Our maxim, however, should be: sacrifice to evil spirits! In other words, we should not be afraid to spend time, trouble, and money, to put up with formalities and inconvenience, and to go without things, in order to shut the door on the possibility of misfortune. And the greater this may be, the smaller, more remote, and more improbable may be the possibility. The clearest example of this rule is the insurance premium; it is a sacrifice publicly made by all on the altar of evil spirits.
(51) We should not give way to great rejoicings or great lamentation over any incident partly because all things change and this alters its form; and partly because our judgement concerning what is favourable or unfavourable is deceptive. Consequently, almost everyone has at some time lamented over something that afterwards turned out for the best, or rejoiced over something that became the source of his greatest sufferings. The attitude of mind, here recommended to combat this, has been finely expressed by Shakespeare:
[quote]I have felt so many quirks of joy and grief That the first face of neither, on the start, Can woman me unto't.
-- All's Well that Ends Well, Act III, Sc. 2.)[/quote]
But in general, whoever remains calm and unruffled in spite of every misfortune, shows that he knows how colossal and thousandfold are the possible evils of life; and therefore he regards what has now occurred as a very small part of what could happen. This is the temperament of the Stoic, in accordance with which we should never conditionis humanae oblitus, [76] but should always bear in mind what a woeful and wretched fate human existence is in general and how innumerable are the evils to which it is exposed. To be reminded of this insight into things, we need only cast a glance around us; wherever we are, we shall soon have before our eyes that struggling, tormenting, and floundering for a bare miserable existence that yields nothing. Accordingly we shall moderate our claims, learn to submit to the imperfection of circumstances and things, and always look out for misfortunes in order to avoid or endure them. For misfortunes, great and small, are the element of our lives and we should, therefore, always bear this in mind. Nevertheless, we should not, for this reason, lament and like a [x] [77] pull a long face with Beresford [78] over the hourly Miseries of Human Life, still less in pulicis morsu Deum invocare. [79] On the contrary, like a [x], [80] we should practise caution by forestalling and averting misfortunes, whether they come from people or things, and should become so refined in this that, like a clever fox, we neatly slip out of the way of every misfortune, great or small (which is in most cases only an awkwardness in disguise.)

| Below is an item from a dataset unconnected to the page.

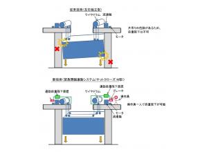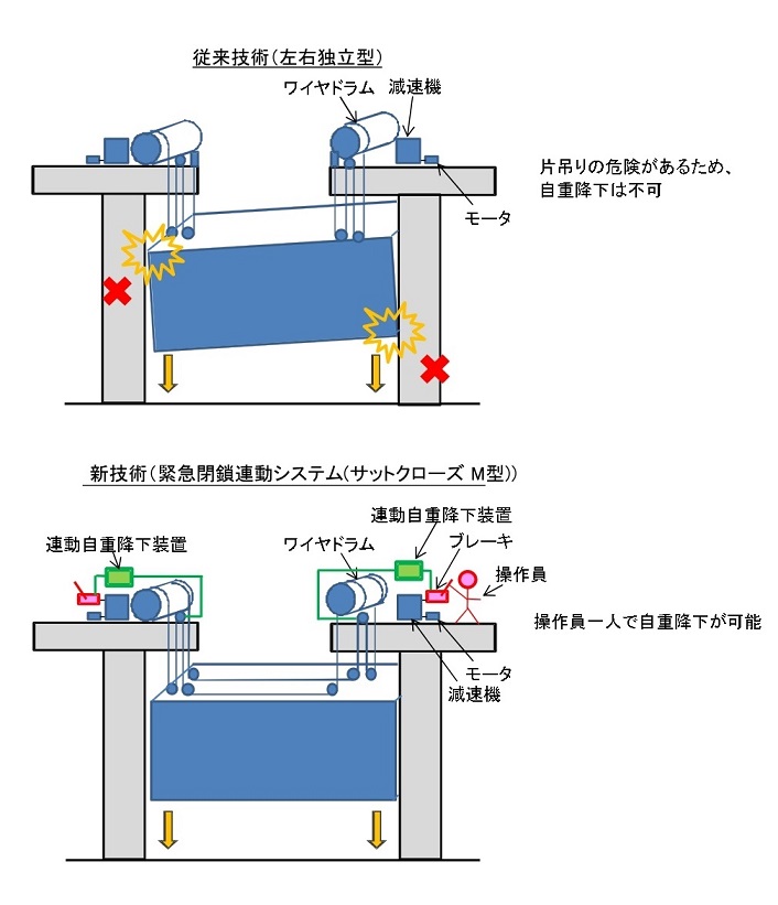 従来技術である2モータ2ドラム式開閉装置に自重降下機能を持たせるための技術である。ダム堰施設技術基準において、高速閉鎖または動力遮断時の閉塞を必要とする水門扉には、自重降下により作動する急降下閉鎖装置を設ける、という記述がある。そのため、従来技術では自重降下機能を要さない施設にのみ適用が可能だったが、新技術ではそれも含めて適用が可能である。

A misfortune is for us less hard to bear if we have previously regarded it as possible and, as the saying is, have prepared ourselves to meet it. The main reason for this may be that, if we calmly think over the case as a mere possibility before it has occurred, we survey the extent of the misfortune clearly and in all directions and thus recognize it, at any rate, as finite and visible at a glance. Consequently, when it actually hits us, it cannot affect us with more than its true weight. On the other hand, if we have not thought over the matter and are caught unawares, our terrified mind is unable in the first instance to make a precise estimate of the magnitude of the misfortune. We cannot survey its extent and it easily appears to be incalculable, or at any rate much greater than it really is In the same way, obscurity and uncertainty make every danger appear to be greater than it is in reality. And, of course, there is also the fact that, while we have anticipated the misfortune as possible, we have at the same time thought of measures for obtaining help and consolation or at any rate have accustomed ourselves to a conception of it.
But nothing will better enable us to bear with composure the misfortunes that befall us than the conviction of the truth I have derived and established from its ultimate grounds in my prize-essay' On the Freedom of the Will'. There it says (Pt. Ill, at the end): 'Everything that happens, from the greatest to the smallest, happens with necessity.' For a man is soon able to reconcile himself to what is inevitably necessary; and that knowledge enables him to regard everything, even that which is brought about by the strangest chances, as just as necessary as that which ensues in accordance with the most familiar rules and in complete anticipation. I refer the reader to what I have said about the soothing effect of the knowledge that everything is inevitable and necessary (World as Will and Representation, vol. i, § 55). Whoever is imbued with this knowledge, will first of all willingly do what he can, but will then readily suffer what he must.
The petty misfortunes that vex us every hour may be regarded as intended to keep us in practice so that the strength to endure great misfortunes may not be wholly dissipated in prosperity. We must be a horny Siegfried [81] against the daily annoyances, the petty frictions and dissensions in human intercourse, trifling offences, the insolence of others, their gossip, scandal, and so on. In other words, we must not feel them at all, much less take them to heart and brood over them. On the contrary, we should not be touched by any of these things and should kick them away like stones that lie in our path. We should certainly not take them up and seriously reflect and ruminate on them.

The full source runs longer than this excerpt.